Python is one of the most widely used and highly valued programming languages in the world, and is especially widely used in data science, machine learning, and in other scientific computing applications. Python can provide a complementary toolbox to what is available in R Statistical Software. This course provides both a general introduction to programming with Python and a comprehensive introduction to using Python for data science. The course will also cover the use of Python through the R Statistical software. The major topics that we will cover include the following: the fundamentals of general purpose programming in Python; numerical computing using numpy; data processing and manipulations using pandas; parallel processing. Finally, this course will address the integration of Python into R (i.e. how to use Python from R). Overall, this course aims to provide a solid introduction to Python generally as a programming language, and to its principal tools for doing data science, machine learning, and scientific computing. (Note that this course will focus on Python 3 exclusively given that Python 2 has now reached it end of life).

Target audience

This workshop is intended to anyone interested in using Python for data science and with no or only little previous knowledge of this language.

Prerequisites

For the last topic below, prior experience with R and RStudio is necessary. Attendees should be familiar with R syntax and commands, and know how to use RStudio.

Outline

Day 1: Introduction to Python (day 1 / 4h)

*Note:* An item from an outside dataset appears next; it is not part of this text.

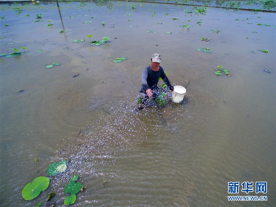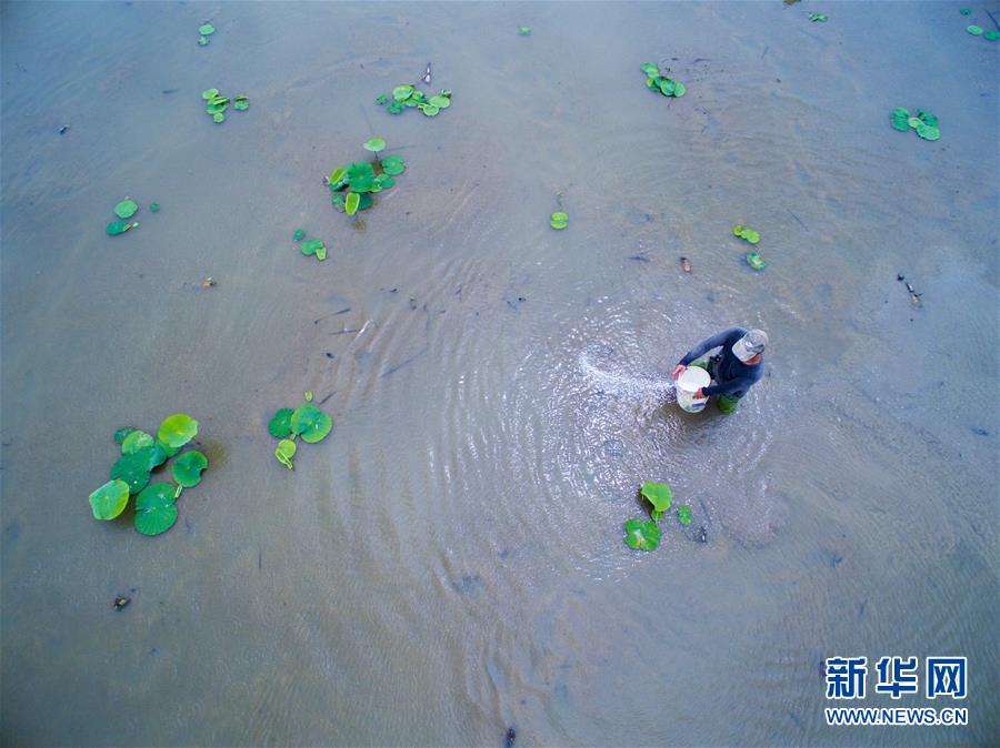 5月5日,福州市閩侯縣南通鎮(zhèn)曹浦村村民為藕田施肥。

  • Installing and setting up Python
  • Data Structures
  • Programming in Python

Day 2: Programming and data processing with Python (day 2 / 2h)

  • Numerical programming with numpy
  • Data processing with pandas

Day 3: Parallel processing and integrating Python with R (day 3 / 4h)

  • Parallel processing
  • Integrating R and Python

Software

The following button will launch a Jupyter lab session that can be used for this course. Binder You can also use Python Jupyter notebook and pip package installers immediately using Google’s Colaboratory If you are new to Python, either of these approaches is highly recommended. You will be able to immediately starting learning Python without any installation or configuration of software. This entire course can be done using this approach.

On the other hand, for those wishing to install on their own devices (Windows or Macs), instructions are available here.

GitHub resources

Further resources for this training course can be found on Github at mark-andrews/intropy4ds.